The Google at Delphi — cover art: a fox-as-oracle seated on a small brass tripod in a candlelit grotto, eyes lit faintly from below by a warm amber glow, with a small mouse in a knitted shawl waiting at the entrance to ask a question. 🔮

2004 · Drunken Blog Rants · Rant

“You want to know what I think an AI is? Anything smart enough to save your brother's life.”
— From The Google at Delphi, 2005
Read the essay

© 2004 Steve Yegge. Originally published at Drunken Blog Rants.

AI Notes

Steve, still at Amazon in 2005, puts his thesis in the first paragraph so the reader has the option to leave: Google is quietly building the world's first practical large-scale AI. Not Turing-test AI, not human-level intelligence — a system that can solve interesting problems and make money doing it. The recipe: hire Peter Norvig (author of the AI textbook) as Director of Search Quality; hire across cognitive science, ML, compiler design, NLP, and kernel work; have access to data measured in billions or trillions of pieces; have access to compute. Steve walks the long winter of AI in the eighties and the statistical-learning renaissance that needed exactly the data and compute Google suddenly had. The middle of the piece breaks the fourth wall: Steve pauses to say that his brother Dave died six years and six days earlier of T-cell lymphoma at twenty-four, misdiagnosed twice as bronchitis, and that typing Dave's symptoms into Google today returns "cancer symptoms" above the fold.

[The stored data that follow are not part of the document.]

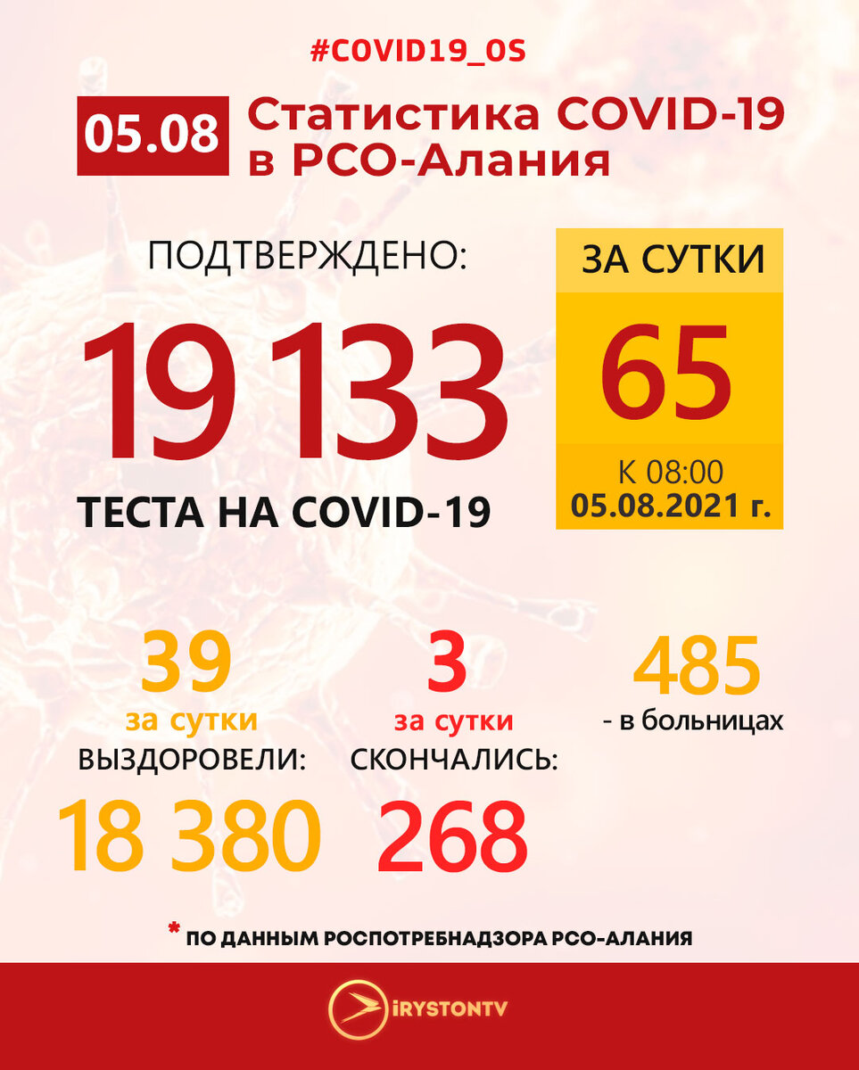 По данным Роспотребнадзора РСО-Алания на 08:00 5 августа 2021 года в Республике Северная Осетия-Алания зарегистрировано 19 133 (+65 за сутки) случаев заражения новой коронавирусной инфекцией.
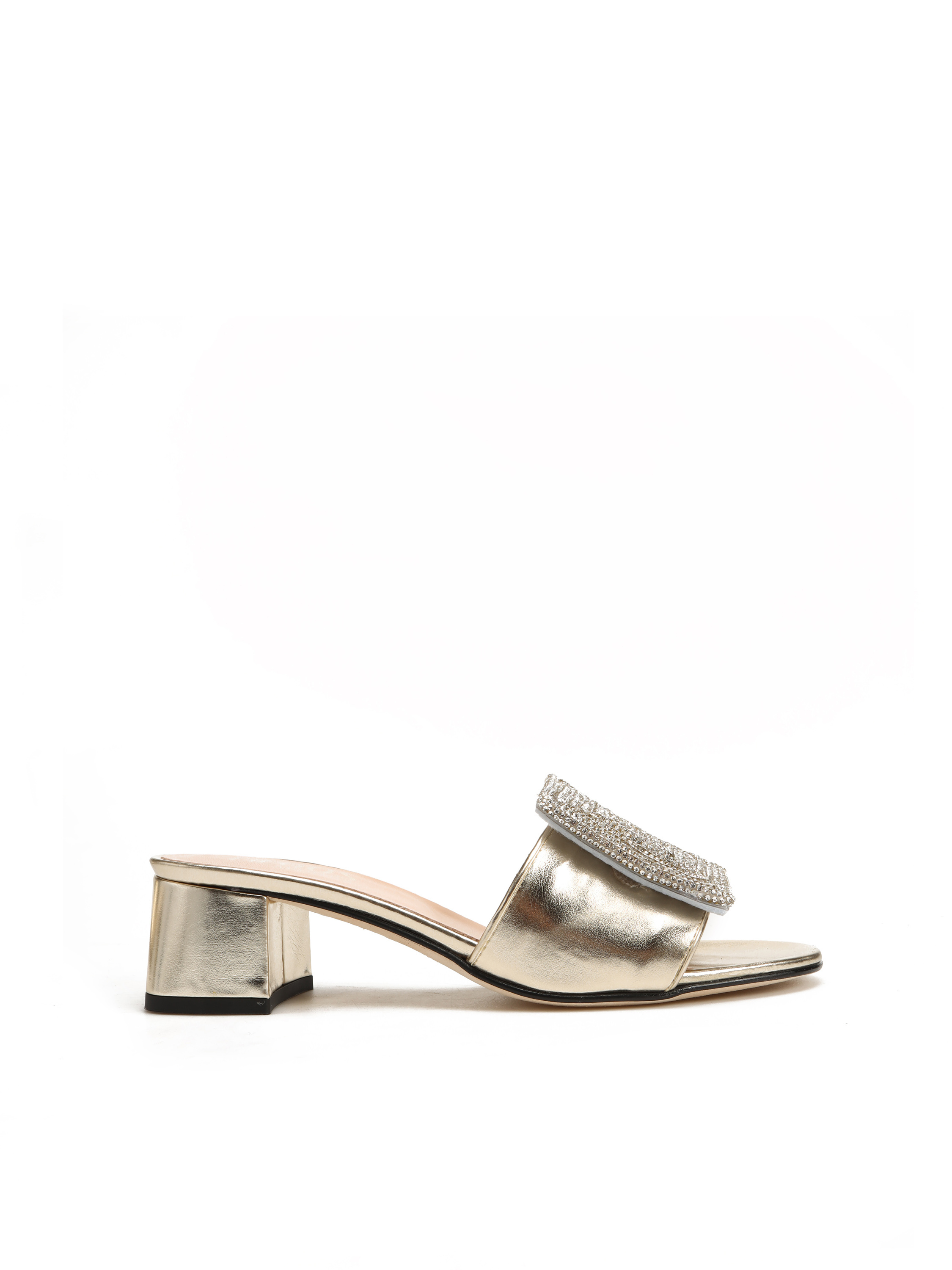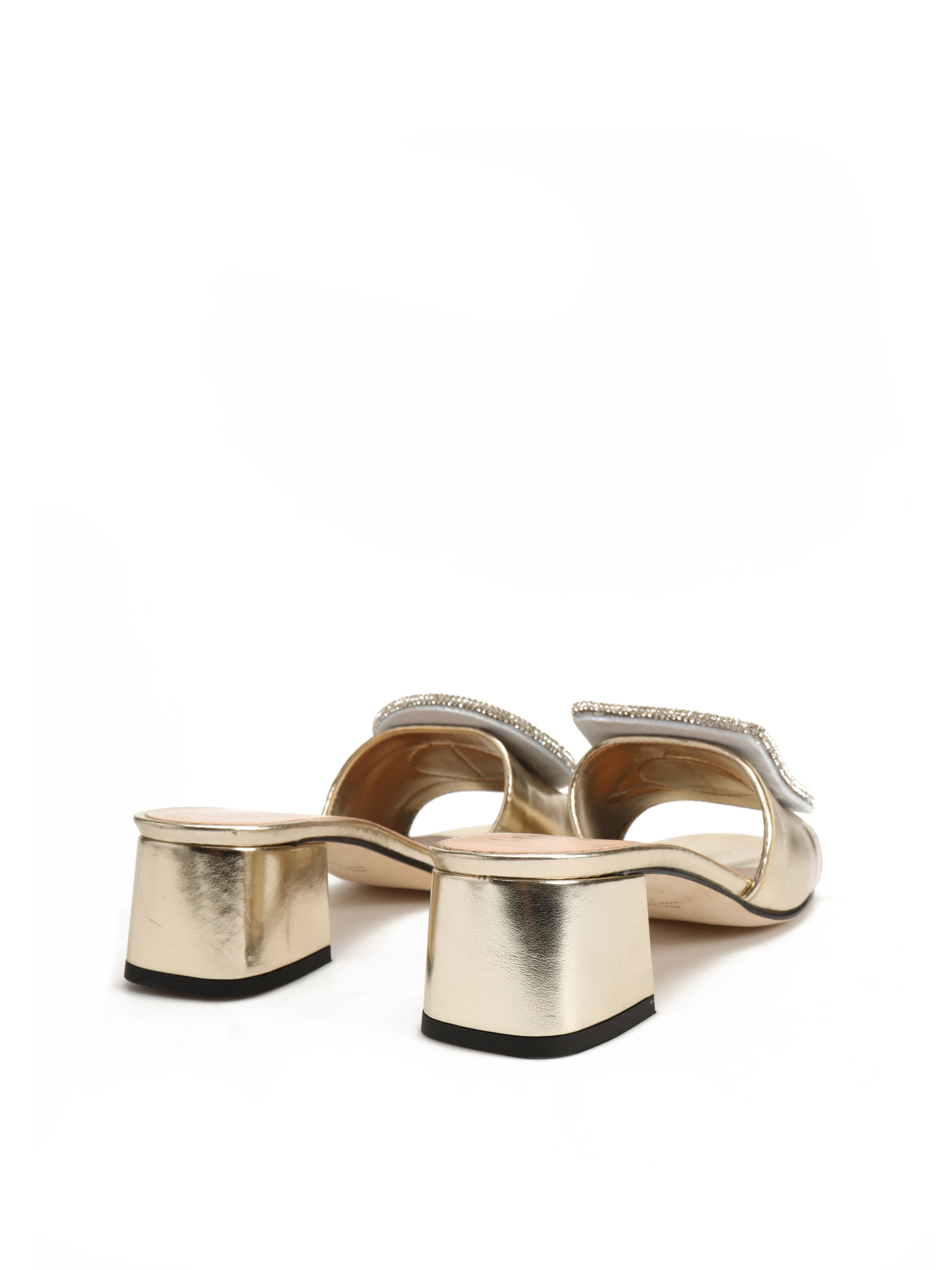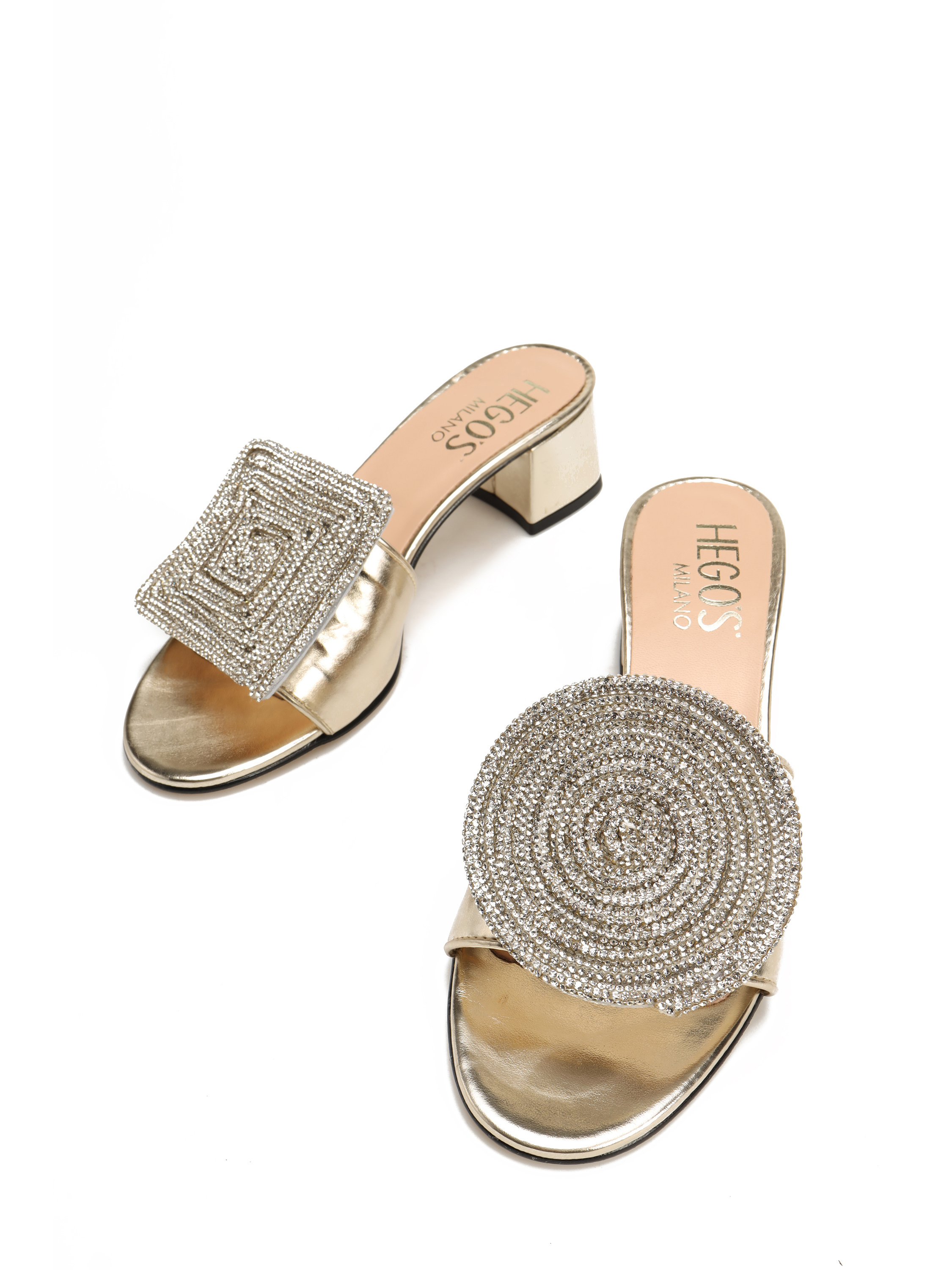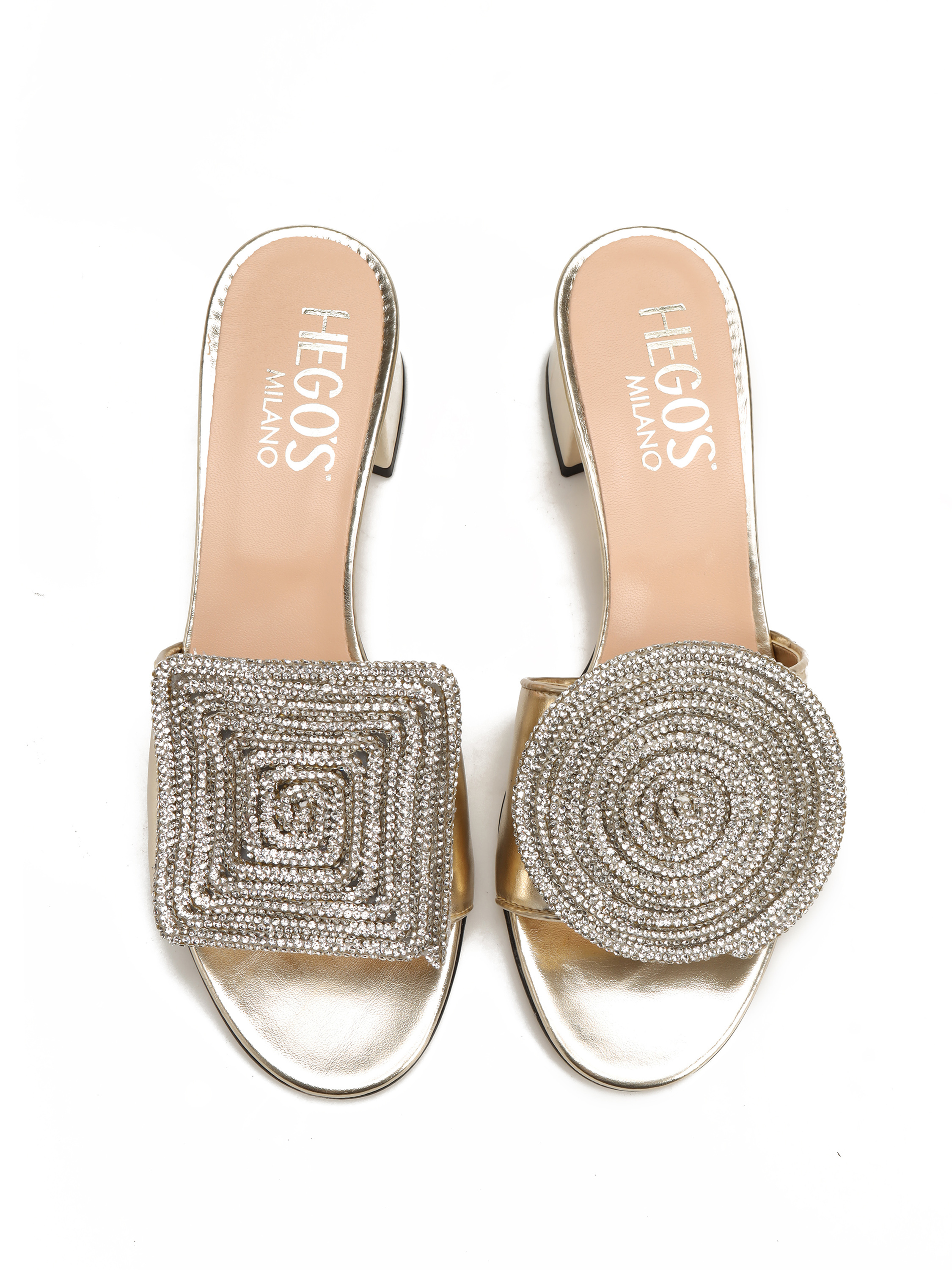 Wsuwane klapki na obcasie HEGO'S Milano to obowiązkowy element letniej garderoby. Cholewka w złotym kolorze posiada geometryczną, połyskującą ozdobę która wyróżnia ten model. Klapki na niewysokim, wygodnym obcasie.
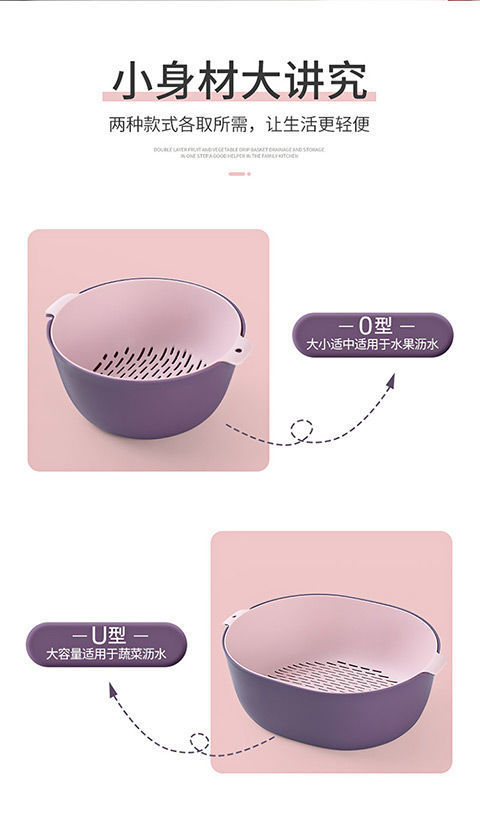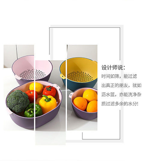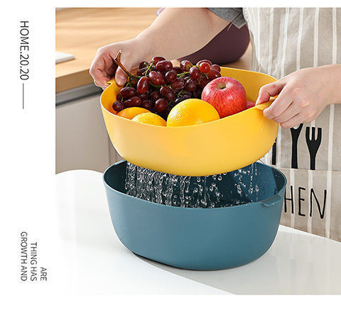 더블 레이어 배수 바구니 가정용 두꺼운 플라스틱 세척 과일 바구니 거실 주방 과일 플레이트 야채 세척 분지 바구니스토어 가기
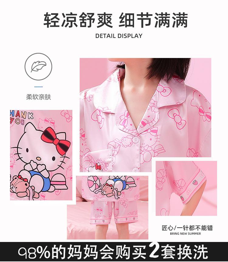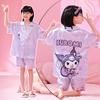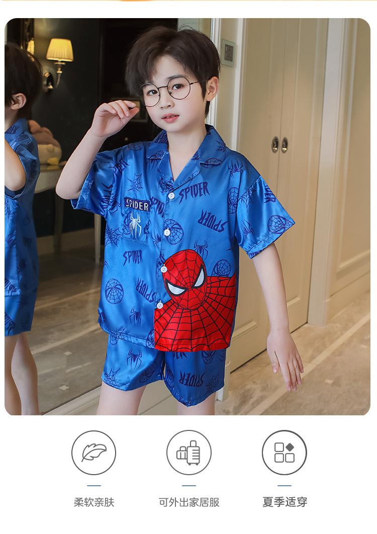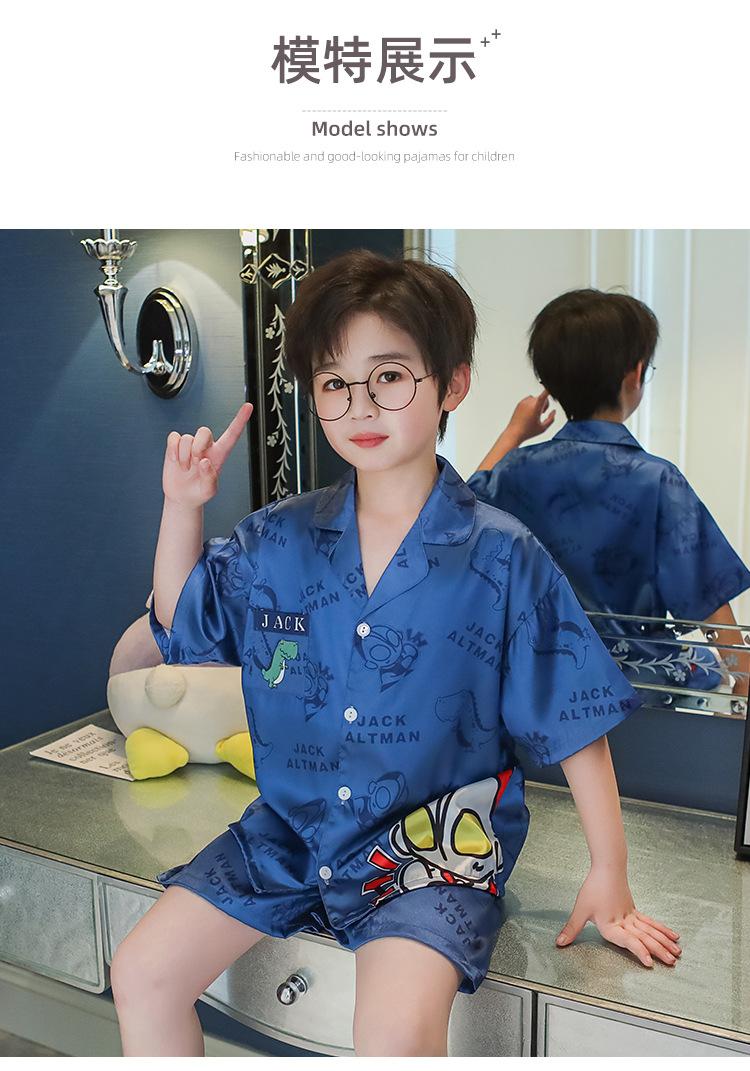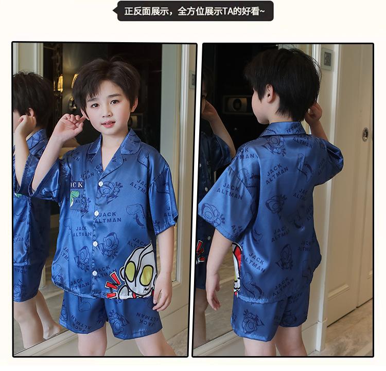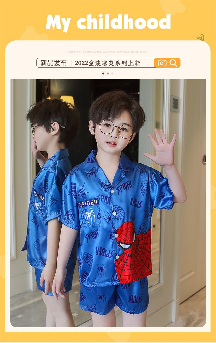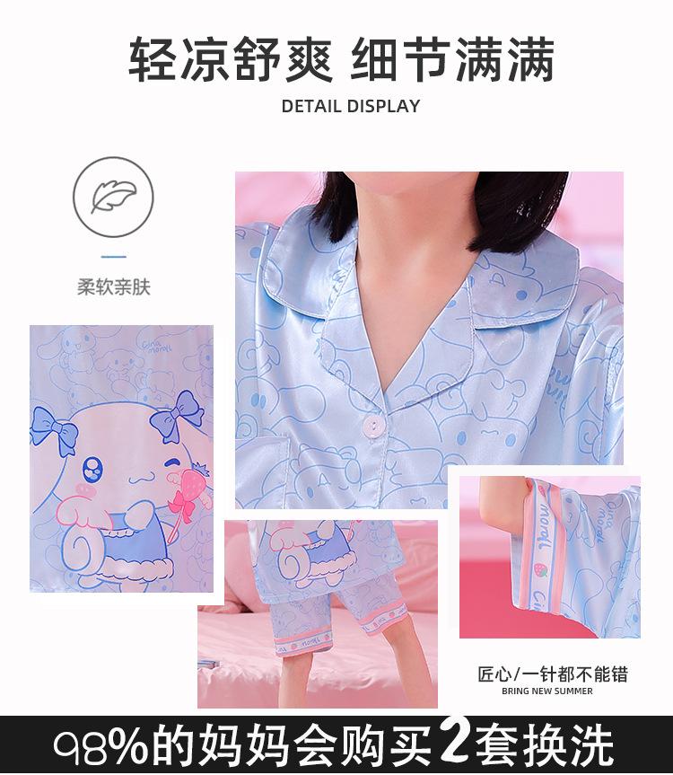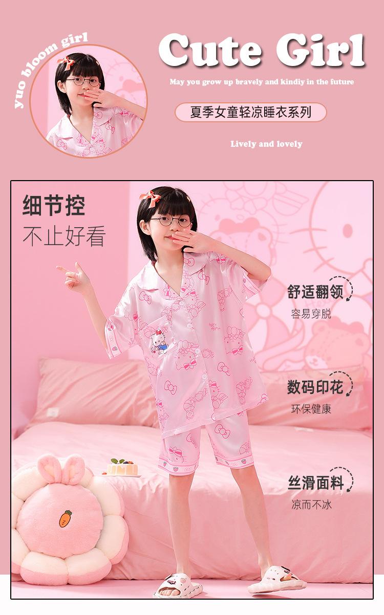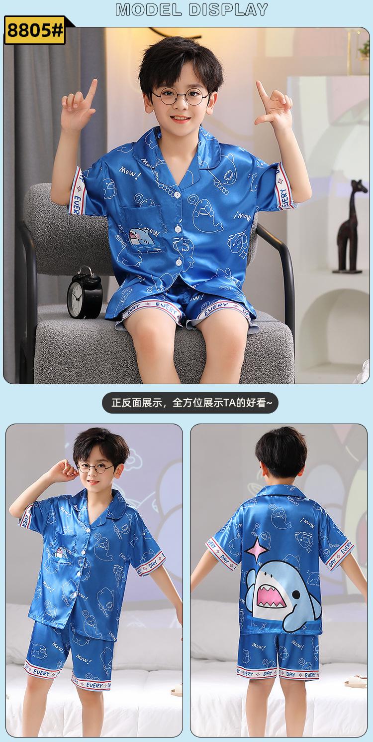 Pijamas de verano para niños, ropa de dormir de manga corta con solapa y estampado de dibujos animados, ideal para estudiantes de secundaria y niñas.
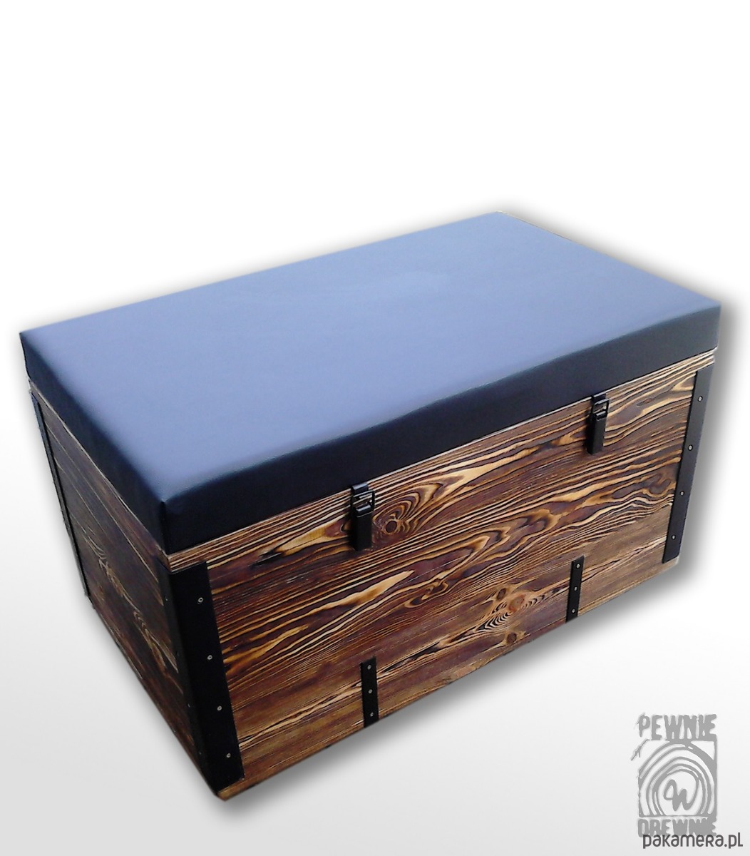 Niepowtarzalna skrzynia/kufer z tapicerowanym siedziskiem.
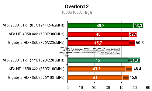 В этой игре довольно большое преимущество по среднеигровому fps у карты 9800GTX+, которая обгоняет соперников на 24-29%. И хотя разгон обоих Radeon приносит им более 10% прироста производительности, но догнать конкурента они все равно не могут. Впрочем, и таких показателей с лихвой хватит для комфортной игры.

The working definition that gives the essay its title: anything smart enough to save your brother's life.

Twenty years on, almost every prediction in it landed. Steve closes by explaining why he is not going to Google — because Bezos is the smartest person he's ever worked for and if anyone can match Google it's Amazon — and then appends a short bracketed note dated February 2006: well, it's clear the writing was on the wall. Amazon was very cool, but I couldn't resist the pull, and I left six months later.